What to produce
Under this line is a listing; return exactly the lines starting at the one with "他用的是永洪BI,还算主流的" and running down to the one with "シルバー製、アイオライトサン", and leave out its pictures.

--- The data Enclosed Below ---

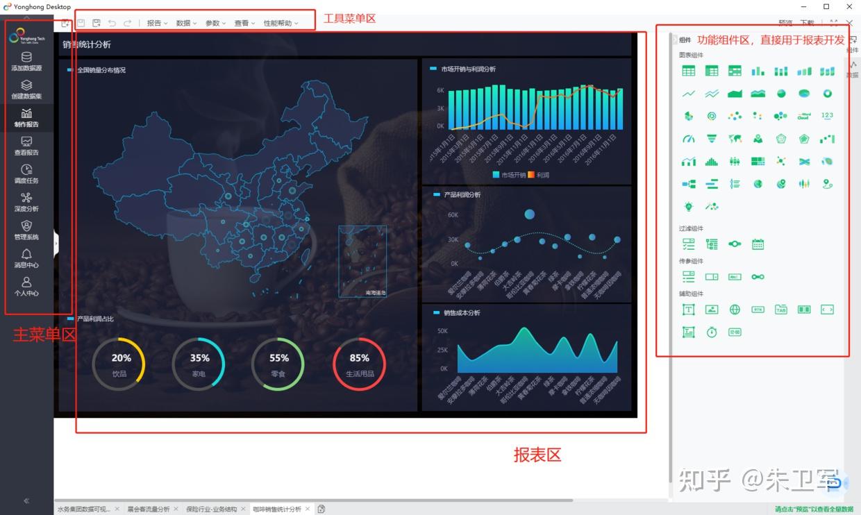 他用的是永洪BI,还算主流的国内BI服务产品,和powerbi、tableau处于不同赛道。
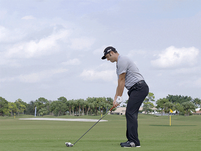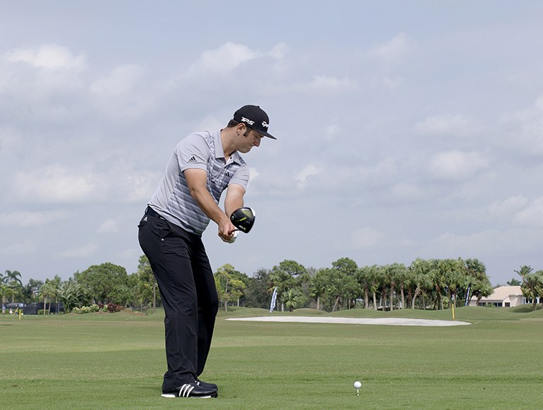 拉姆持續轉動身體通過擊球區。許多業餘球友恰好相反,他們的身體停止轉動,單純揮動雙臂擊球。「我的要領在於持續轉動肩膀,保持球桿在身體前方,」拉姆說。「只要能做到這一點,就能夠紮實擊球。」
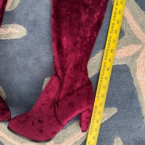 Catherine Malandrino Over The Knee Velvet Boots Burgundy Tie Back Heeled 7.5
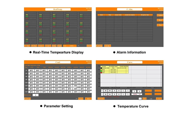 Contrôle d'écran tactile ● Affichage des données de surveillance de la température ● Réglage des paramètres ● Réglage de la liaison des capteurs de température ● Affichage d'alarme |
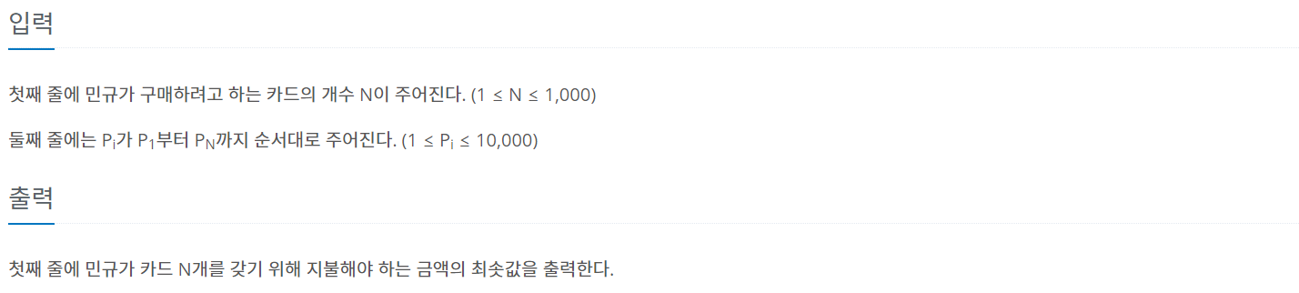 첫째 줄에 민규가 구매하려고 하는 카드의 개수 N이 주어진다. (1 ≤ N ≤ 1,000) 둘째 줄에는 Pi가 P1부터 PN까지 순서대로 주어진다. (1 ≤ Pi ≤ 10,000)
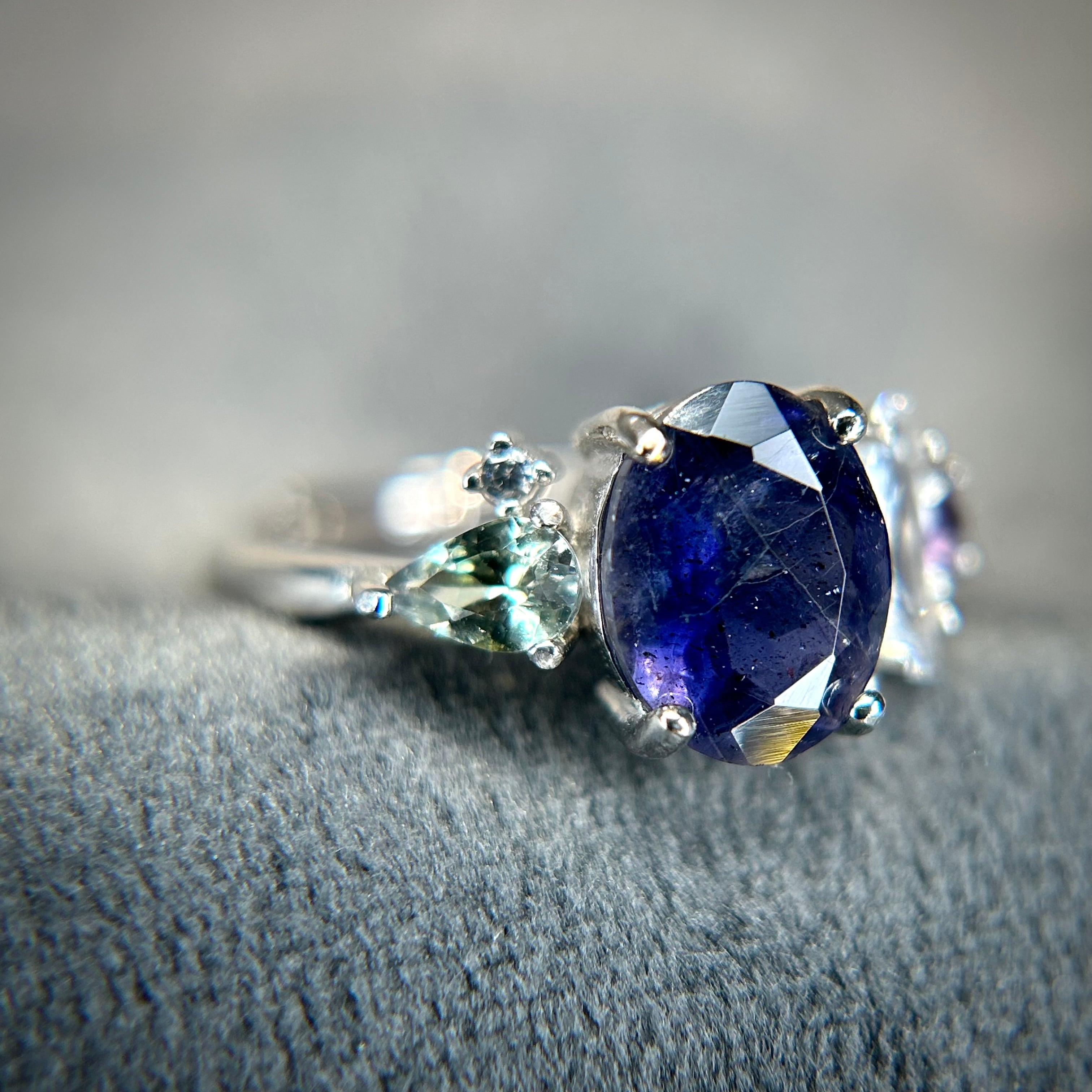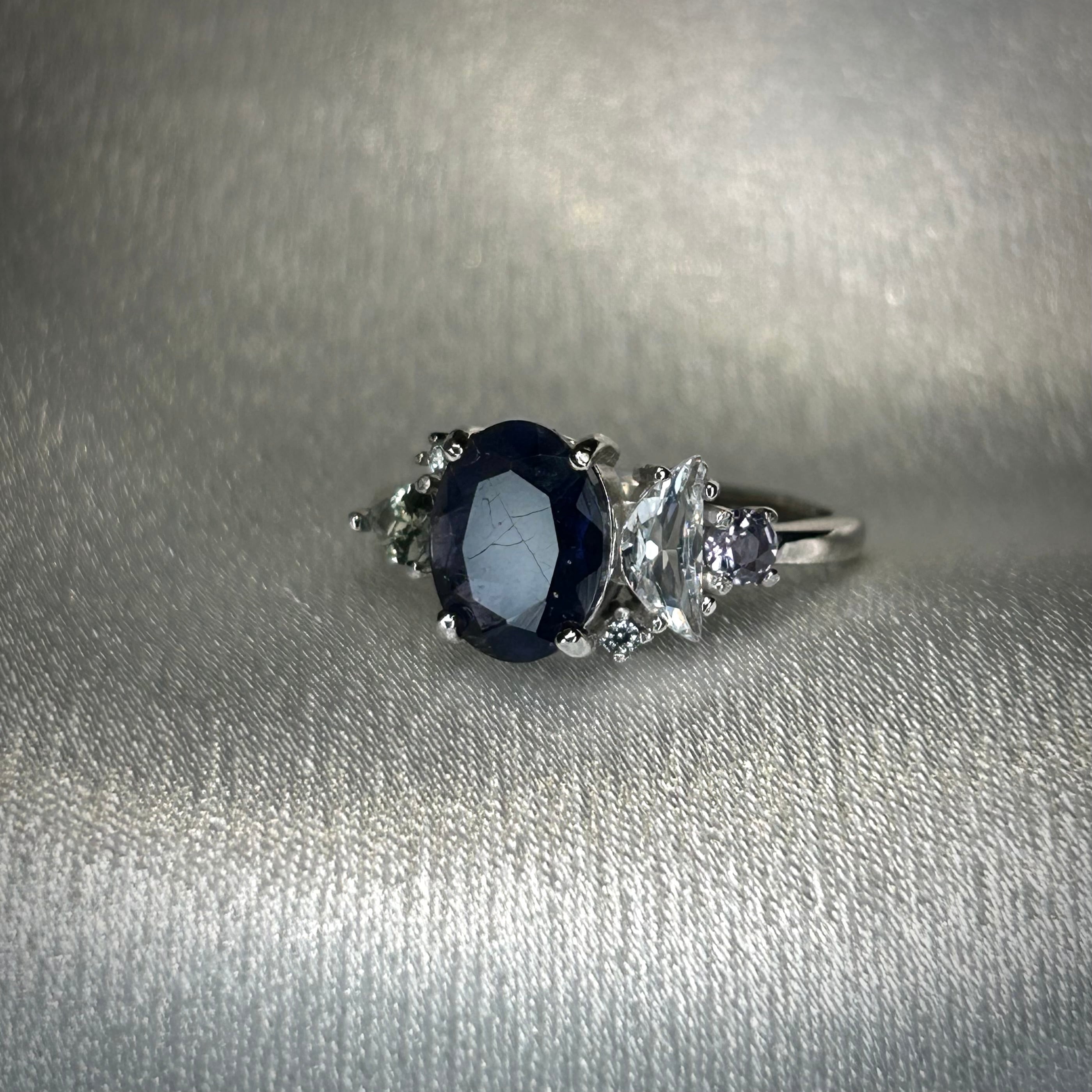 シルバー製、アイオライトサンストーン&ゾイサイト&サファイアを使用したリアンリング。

--- End of Enclosed The data ---
--- The data Enclosed Below ---

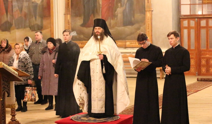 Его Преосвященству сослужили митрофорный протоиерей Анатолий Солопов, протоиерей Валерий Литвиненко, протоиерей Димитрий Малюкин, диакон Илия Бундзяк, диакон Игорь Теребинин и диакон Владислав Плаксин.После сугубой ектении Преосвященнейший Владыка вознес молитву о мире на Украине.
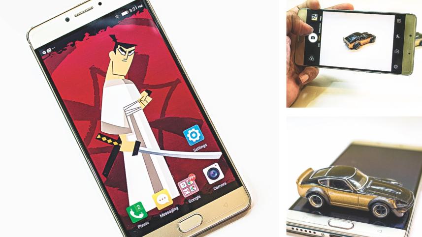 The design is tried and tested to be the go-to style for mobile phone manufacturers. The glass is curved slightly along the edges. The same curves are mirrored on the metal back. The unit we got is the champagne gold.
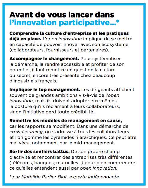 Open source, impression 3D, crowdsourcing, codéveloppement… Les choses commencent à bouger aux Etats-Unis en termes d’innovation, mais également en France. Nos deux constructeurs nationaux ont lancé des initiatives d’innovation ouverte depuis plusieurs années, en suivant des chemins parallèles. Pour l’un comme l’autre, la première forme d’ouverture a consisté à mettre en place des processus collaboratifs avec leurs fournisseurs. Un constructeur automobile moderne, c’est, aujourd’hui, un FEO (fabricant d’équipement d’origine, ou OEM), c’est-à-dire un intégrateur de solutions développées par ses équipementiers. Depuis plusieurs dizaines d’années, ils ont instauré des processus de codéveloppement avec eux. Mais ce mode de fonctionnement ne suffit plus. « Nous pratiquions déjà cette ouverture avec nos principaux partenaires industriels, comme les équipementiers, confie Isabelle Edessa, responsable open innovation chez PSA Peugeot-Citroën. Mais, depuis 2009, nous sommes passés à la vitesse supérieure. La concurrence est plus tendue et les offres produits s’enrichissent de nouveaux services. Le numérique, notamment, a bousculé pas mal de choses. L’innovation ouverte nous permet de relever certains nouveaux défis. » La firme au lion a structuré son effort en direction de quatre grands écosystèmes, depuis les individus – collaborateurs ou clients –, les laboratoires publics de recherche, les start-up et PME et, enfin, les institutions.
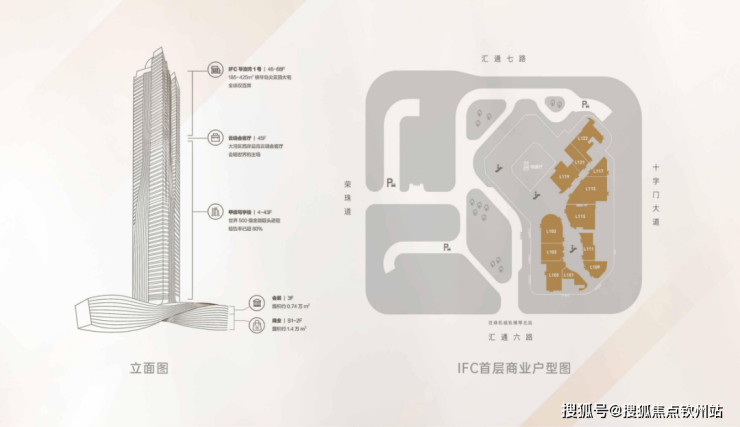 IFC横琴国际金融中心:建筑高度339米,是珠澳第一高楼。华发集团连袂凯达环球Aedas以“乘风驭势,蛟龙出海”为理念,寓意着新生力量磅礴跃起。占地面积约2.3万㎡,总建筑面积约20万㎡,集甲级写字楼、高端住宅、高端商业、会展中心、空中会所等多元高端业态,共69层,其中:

--- End of Enclosed The data ---
--- The data Enclosed Below ---

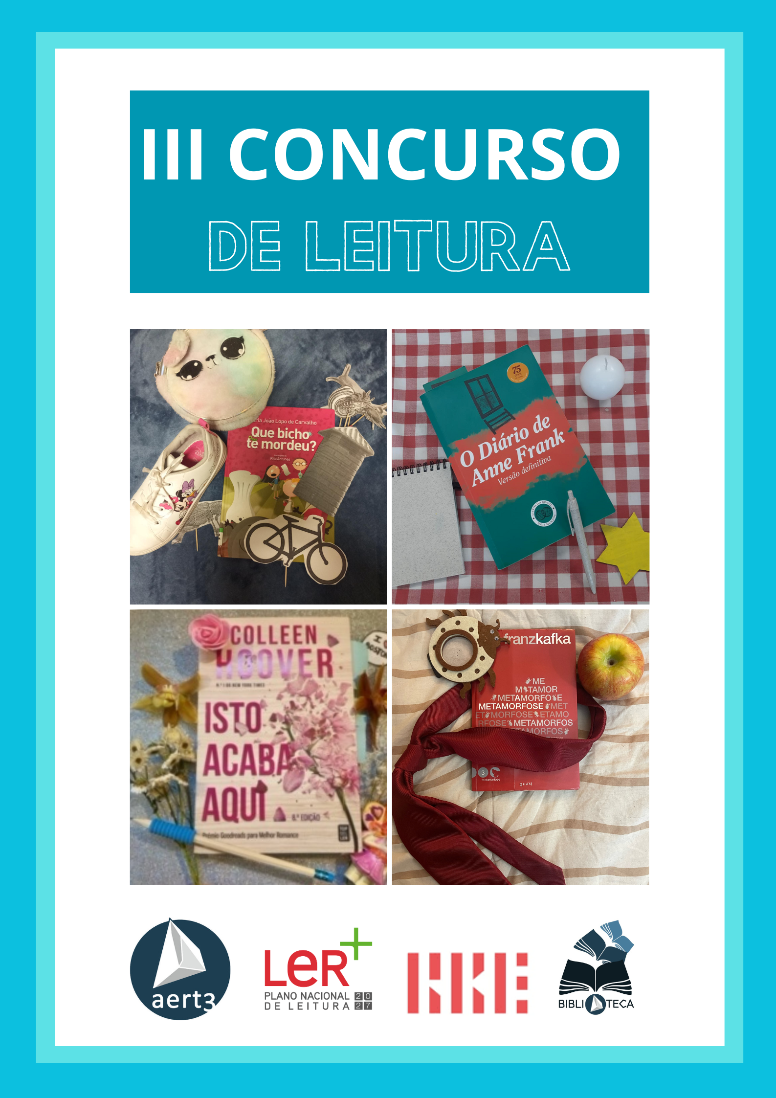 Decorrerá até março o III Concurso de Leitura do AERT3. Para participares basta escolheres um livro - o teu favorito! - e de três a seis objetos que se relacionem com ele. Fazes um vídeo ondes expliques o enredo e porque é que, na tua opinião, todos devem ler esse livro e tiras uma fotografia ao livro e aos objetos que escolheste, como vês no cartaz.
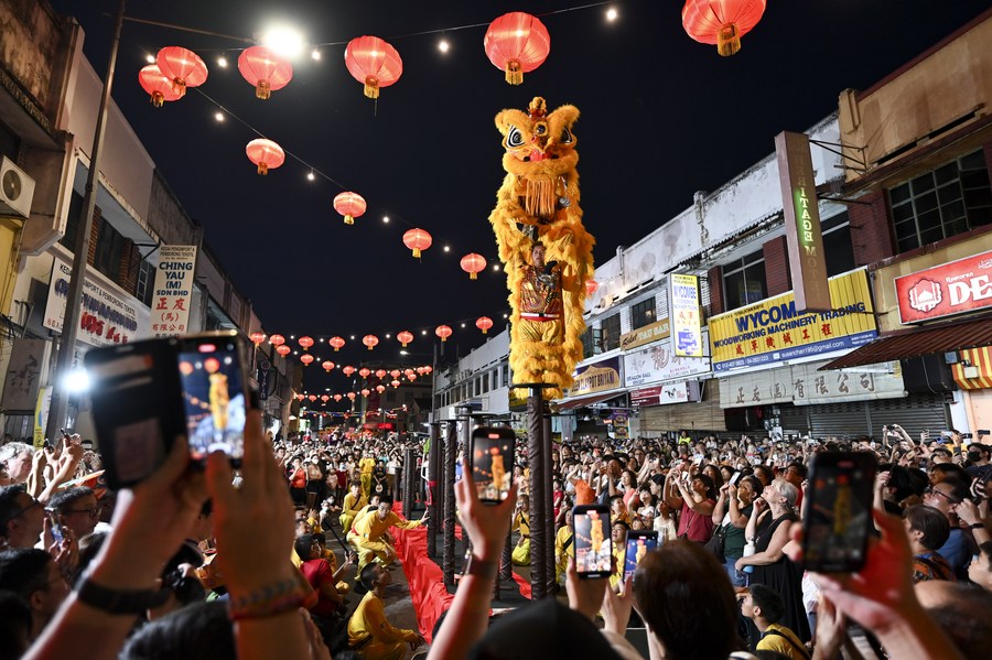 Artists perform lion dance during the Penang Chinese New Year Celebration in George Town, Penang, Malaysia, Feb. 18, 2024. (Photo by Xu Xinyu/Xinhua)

--- End of Enclosed The data ---

Output of the task
 他用的是永洪BI,还算主流的国内BI服务产品,和powerbi、tableau处于不同赛道。
 拉姆持續轉動身體通過擊球區。許多業餘球友恰好相反,他們的身體停止轉動,單純揮動雙臂擊球。「我的要領在於持續轉動肩膀,保持球桿在身體前方,」拉姆說。「只要能做到這一點,就能夠紮實擊球。」
 Catherine Malandrino Over The Knee Velvet Boots Burgundy Tie Back Heeled 7.5
 Contrôle d'écran tactile ● Affichage des données de surveillance de la température ● Réglage des paramètres ● Réglage de la liaison des capteurs de température ● Affichage d'alarme |
 첫째 줄에 민규가 구매하려고 하는 카드의 개수 N이 주어진다. (1 ≤ N ≤ 1,000) 둘째 줄에는 Pi가 P1부터 PN까지 순서대로 주어진다. (1 ≤ Pi ≤ 10,000)
 シルバー製、アイオライトサンストーン&ゾイサイト&サファイアを使用したリアンリング。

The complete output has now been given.